MethodAtlas
replication120 minutes

Replication Lab: How Much Should We Trust Staggered DiD?

Replicate the key findings from Baker et al. (2022) on the pitfalls of staggered difference-in-differences. Simulate a staggered adoption panel, run naive TWFE, show the Goodman-Bacon decomposition, and estimate treatment effects using Callaway-Sant'Anna and Sun-Abraham estimators.

Overview

In this replication lab, you will explore the key insights from one of the most influential recent methodological papers in applied economics:

Baker, Andrew C., David F. Larcker, and Charles C.Y. Wang. 2022. "How Much Should We Trust Staggered Difference-in-Differences Estimates?" Journal of Financial Economics 144(2): 370–395.

Baker et al. demonstrate that the standard two-way fixed effects (TWFE) estimator can produce severely biased estimates when treatment effects are heterogeneous across cohorts or over time. Using Monte Carlo simulations calibrated to common research designs in finance, the paper shows that TWFE can yield the wrong sign, wrong magnitude, or misleading inference. The paper then benchmarks several newly proposed estimators — including Callaway and Sant'Anna (2021), Sun and Abraham (2021), and de Chaisemartin and D'Haultfoeuille (2020) — that remain valid under heterogeneity.
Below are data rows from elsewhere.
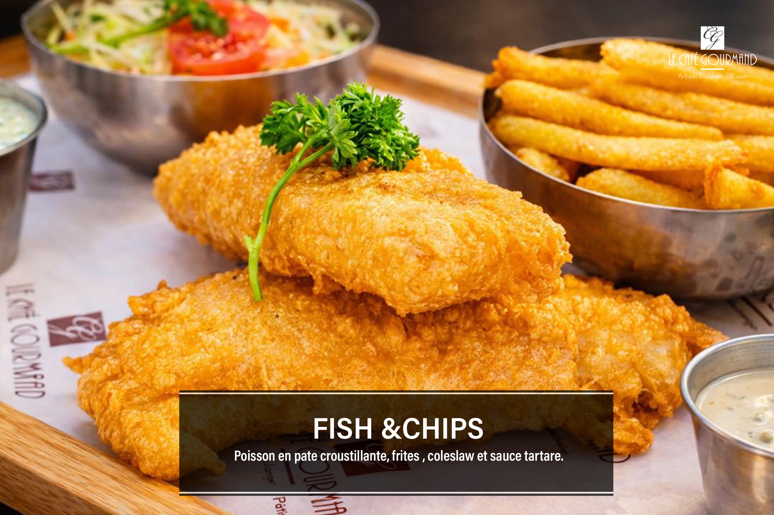 Fish & chipsPoisson en pâte croustillante, frites, colesaw et sauce tartare |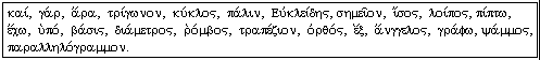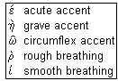 Accents are of three kinds, as shown in the Figure. The basic one is the acute accent ('), which turns into the grave accent (`) on the last syllable of a word when there is a following word. The combination of the two is the circumflex accent (^), which appears only over a long vowel in one of the last two syllables, but not before a syllble with a long vowel. The acute accent can appear over any of the final three syllables of a word if the final syllable is short, but only over one of the last two if the final syllable is long. Do not worry about these rules, just note them as you come across them. The syllable with the accent should be given a stress accent as in English, although originally the accents gave pitch information. You will find some words with two accents, and some with none, but do not worry. There are common small words, called enclitics, that have no accents of their own, since they are pronounced as parts of neighbouring words, but extra accents are added according to certain rules when there would otherwise be too many syllables in a row without an accent. Accents sometimes distinguish between words of the same spelling but different meaning, as well as give clues to grammatical form.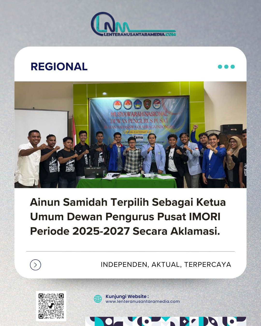Ambon lenteranusantaramedia.com –Ikatan Mahasiswa Olahraga Indonesia (IMORI) menyelenggarakan Musyawarah Nasional ke IX (MUNAS IMORI IX) yang digelar di Universitas Pattimura Ambon Maluku, Minggu/16/02/2025.

Why the Baker et al. paper matters: It provided the first comprehensive comparison of heterogeneity-robust DiD estimators in a single framework, demonstrating that the choice of estimator can flip the sign of estimated effects. The paper helped drive widespread adoption of robust estimators in applied research.

What you will do:

  • Simulate a staggered adoption panel with heterogeneous treatment effects
  • Estimate treatment effects using naive TWFE and observe the bias
  • Decompose the TWFE estimator using the Goodman-Bacon decomposition
  • Estimate treatment effects using the Callaway-Sant'Anna estimator
  • Estimate treatment effects using the Sun-Abraham interaction-weighted estimator
  • Compare all estimators against the known true treatment effect

Step 1: Simulate the Staggered Adoption Panel

The DGP features a balanced panel of 1,000 units observed over 30 periods. Units adopt treatment in one of three cohorts (periods 10, 20, and 30), and treatment effects differ by cohort and grow over time since treatment.

library(fixest)
library(did)
library(data.table)

set.seed(2022)

N <- 1000; TT <- 30
cohort_assign <- sample(rep(c(10, 20, 30, 0), each = N / 4))
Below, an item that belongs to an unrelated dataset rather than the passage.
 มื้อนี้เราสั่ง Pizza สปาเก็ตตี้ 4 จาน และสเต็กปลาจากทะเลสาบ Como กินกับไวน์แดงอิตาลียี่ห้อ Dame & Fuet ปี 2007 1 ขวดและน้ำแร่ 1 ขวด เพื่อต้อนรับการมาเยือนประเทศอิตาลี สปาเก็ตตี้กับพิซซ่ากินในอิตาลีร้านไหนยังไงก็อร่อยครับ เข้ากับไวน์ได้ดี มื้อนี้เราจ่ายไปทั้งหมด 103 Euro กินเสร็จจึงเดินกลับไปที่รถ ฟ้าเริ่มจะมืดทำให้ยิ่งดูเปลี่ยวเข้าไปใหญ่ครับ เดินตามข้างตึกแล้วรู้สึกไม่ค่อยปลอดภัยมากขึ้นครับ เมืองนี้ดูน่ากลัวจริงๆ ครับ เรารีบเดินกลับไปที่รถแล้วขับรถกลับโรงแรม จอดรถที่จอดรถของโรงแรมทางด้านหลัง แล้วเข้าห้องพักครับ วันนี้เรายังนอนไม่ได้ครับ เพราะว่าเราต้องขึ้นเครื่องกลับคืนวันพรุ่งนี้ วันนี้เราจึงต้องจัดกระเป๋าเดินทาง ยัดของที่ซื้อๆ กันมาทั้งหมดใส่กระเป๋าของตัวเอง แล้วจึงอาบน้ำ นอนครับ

dt <- CJ(unit = 1:N, time = 1:TT)
dt[, cohort := cohort_assign[unit]]
dt[, treated := as.integer(cohort > 0 & time >= cohort)]

# Unit and time FEs
dt[, alpha_i := rnorm(1), by = unit]
dt[, delta_t := rnorm(1, 0, 0.5), by = time]

# Heterogeneous treatment effects
dt[, time_since := ifelse(treated, time - cohort, 0)]
dt[, tau := fcase(
cohort == 10 & treated == 1, 2 + 0.3 * time_since,
cohort == 20 & treated == 1, 5 + 0.1 * time_since,
cohort == 30 & treated == 1, 1.0,
default = 0
)]

dt[, y := alpha_i + delta_t + tau * treated + rnorm(.N)]

true_att <- dt[treated == 1, mean(tau)]
cat("Panel:", N, "units x", TT, "periods =", nrow(dt), "obs\n")
cat("True ATT:", round(true_att, 3), "\n")

Expected output:

Panel: 1000 units x 30 periods = 30000 obs
Cohort 10: 250 units
Cohort 20: 250 units
Cohort 30: 250 units
Never-treated: 250 units
True ATT (among treated obs): ~4.70

The true ATT depends on the mix of cohort-specific effects and the time elapsed since treatment. Cohort 20 has the largest instantaneous effect (5.0), cohort 10 has the largest cumulative effect (due to the 0.3 growth rate over 20 periods of treatment), and cohort 30 has only one treated period with a small effect of 1.0.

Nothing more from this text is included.